Message ID | 20210421032117.5177-1-jasowang@redhat.com (mailing list archive) |
---|---|
Headers | show |
Series | Untrusted device support for virtio | expand |
On Wed, Apr 21, 2021 at 11:21:10AM +0800, Jason Wang wrote: > The behaivor for non DMA API is kept for minimizing the performance > impact. NAK. Everyone should be using the DMA API in a modern world. So treating the DMA API path worse than the broken legacy path does not make any sense whatsoever.

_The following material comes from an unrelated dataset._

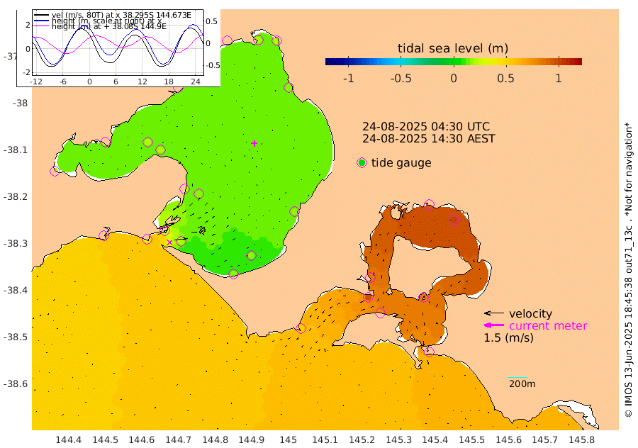 81cm San Remo 79cm Elizabeth Island 99cm Bouchier Channel 92cm Tooradin 76cm Cowes Jetty 79cm Western Port (Stony Point) 95cm Western Port (Sandy Point) 52cm Flinders Jetty 18cm Mornington 18cm Sandringham 16cm Rosebud Jetty 17cm Hovell Pile 22cm South Channel 34cm Point Lonsdale 23cm Queenscliff 18cm West Channel Pile 39cm Barwon Heads 19cm St Leonards 21cm Point Richards (Corio Bay) 22cm Point Richards Channel 21cm Geelong 16cm Werribee 20cm Altona 22cm Wilson Spit 19cm Melbourne (Williamstown) 20cm St Kilda

在 2021/4/22 下午2:31, Christoph Hellwig 写道: > On Wed, Apr 21, 2021 at 11:21:10AM +0800, Jason Wang wrote: >> The behaivor for non DMA API is kept for minimizing the performance >> impact. > NAK. Everyone should be using the DMA API in a modern world. So > treating the DMA API path worse than the broken legacy path does not > make any sense whatsoever. I think the goal is not treat DMA API path worse than legacy. The issue is that the management layer should guarantee that ACCESS_PLATFORM is set so DMA API is guaranteed to be used by the driver. So I'm not sure how much value we can gain from trying to 'fix' the legacy path. But I can change the behavior of legacy path to match DMA API path. Thanks
On Thu, Apr 22, 2021 at 04:19:16PM +0800, Jason Wang wrote: > > 在 2021/4/22 下午2:31, Christoph Hellwig 写道: > > On Wed, Apr 21, 2021 at 11:21:10AM +0800, Jason Wang wrote: > > > The behaivor for non DMA API is kept for minimizing the performance > > > impact. > > NAK. Everyone should be using the DMA API in a modern world. So > > treating the DMA API path worse than the broken legacy path does not > > make any sense whatsoever. > > > I think the goal is not treat DMA API path worse than legacy. The issue is > that the management layer should guarantee that ACCESS_PLATFORM is set so > DMA API is guaranteed to be used by the driver. So I'm not sure how much > value we can gain from trying to 'fix' the legacy path. But I can change the > behavior of legacy path to match DMA API path. > > Thanks I think before we maintain different paths with/without ACCESS_PLATFORM it's worth checking whether it's even a net gain. Avoiding sharing by storing data in private memory can actually turn out to be a net gain even without DMA API. It is worth checking what is the performance effect of this patch.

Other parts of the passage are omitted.